_Task prompt_
An unchanged copy of all the lines below is expected, and it should contain no pictures.

Material for the task Block Start

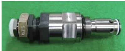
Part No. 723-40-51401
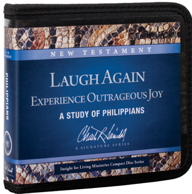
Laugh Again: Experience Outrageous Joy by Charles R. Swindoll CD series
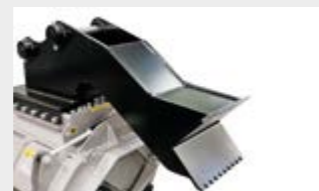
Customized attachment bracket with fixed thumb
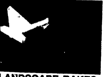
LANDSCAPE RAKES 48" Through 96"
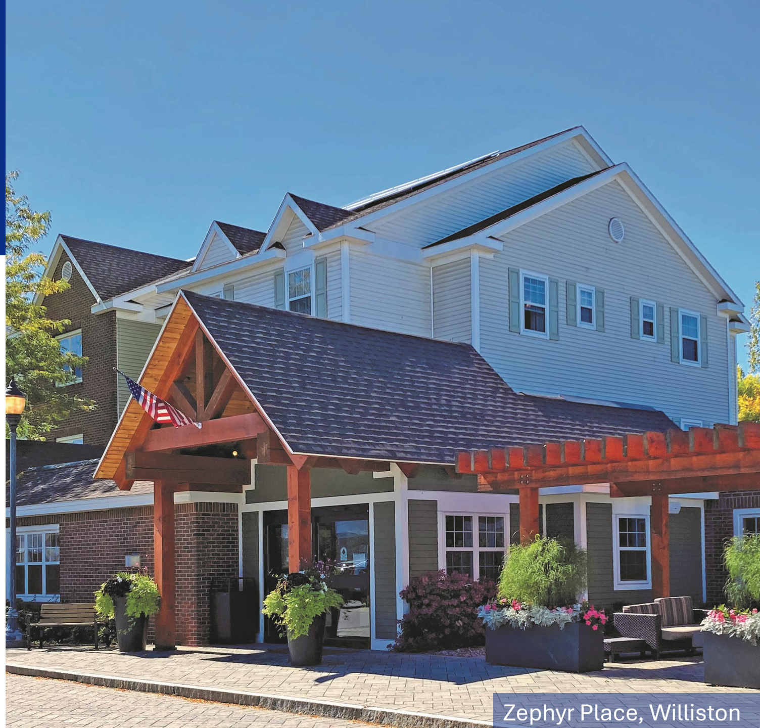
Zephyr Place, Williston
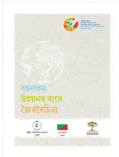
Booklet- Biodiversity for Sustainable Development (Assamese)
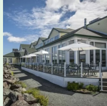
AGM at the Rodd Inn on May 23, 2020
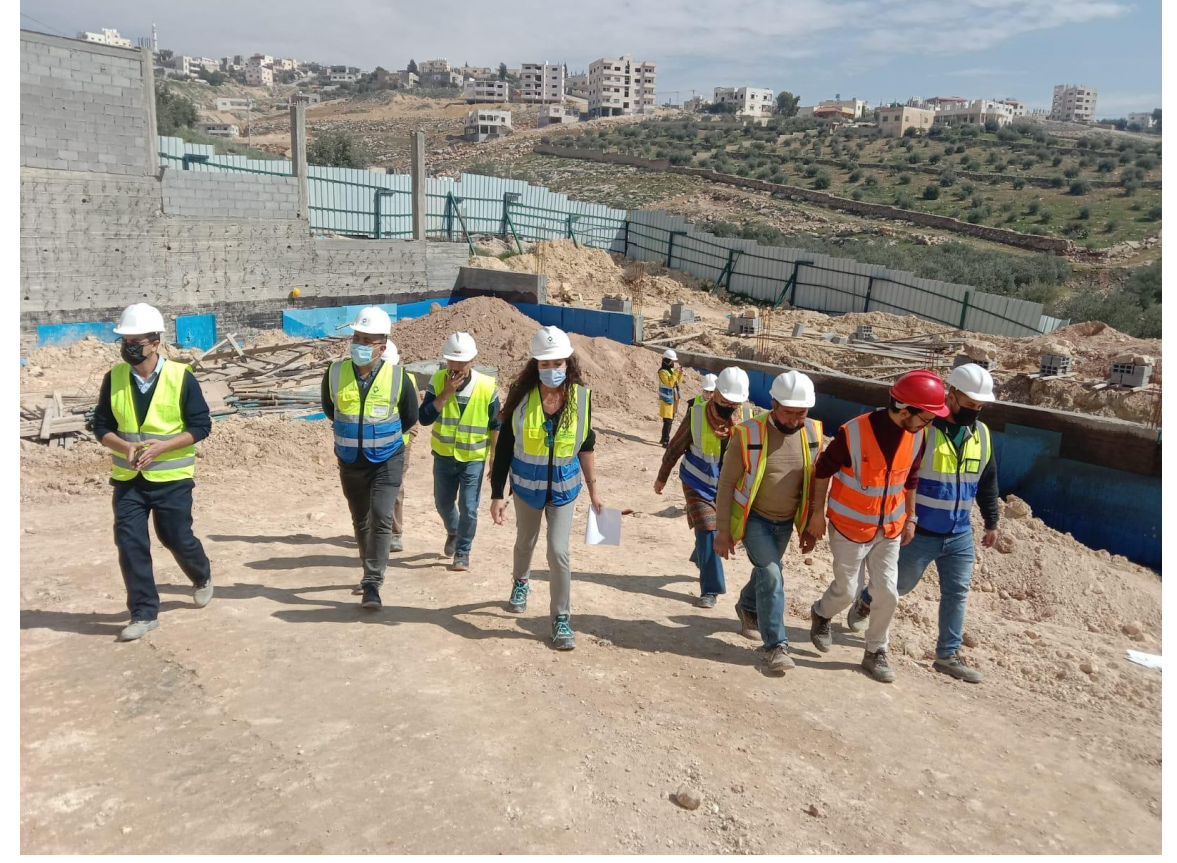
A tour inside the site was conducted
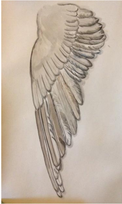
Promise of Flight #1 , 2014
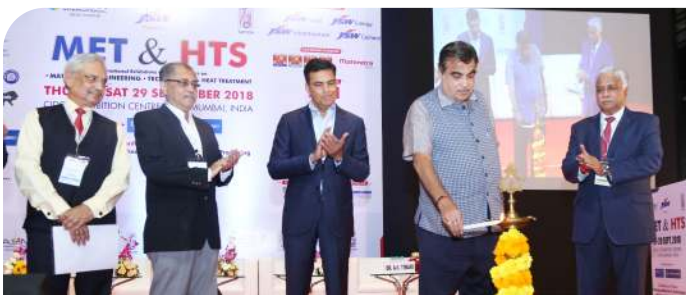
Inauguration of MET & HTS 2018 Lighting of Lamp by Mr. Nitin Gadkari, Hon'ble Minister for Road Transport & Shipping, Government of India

Material for the task Block End

_Completed task_
Part No. 723-40-51401
Laugh Again: Experience Outrageous Joy by Charles R. Swindoll CD series
Customized attachment bracket with fixed thumb
LANDSCAPE RAKES 48" Through 96"
Zephyr Place, Williston
Booklet- Biodiversity for Sustainable Development (Assamese)
AGM at the Rodd Inn on May 23, 2020
A tour inside the site was conducted
Promise of Flight #1 , 2014
Inauguration of MET & HTS 2018 Lighting of Lamp by Mr. Nitin Gadkari, Hon'ble Minister for Road Transport & Shipping, Government of India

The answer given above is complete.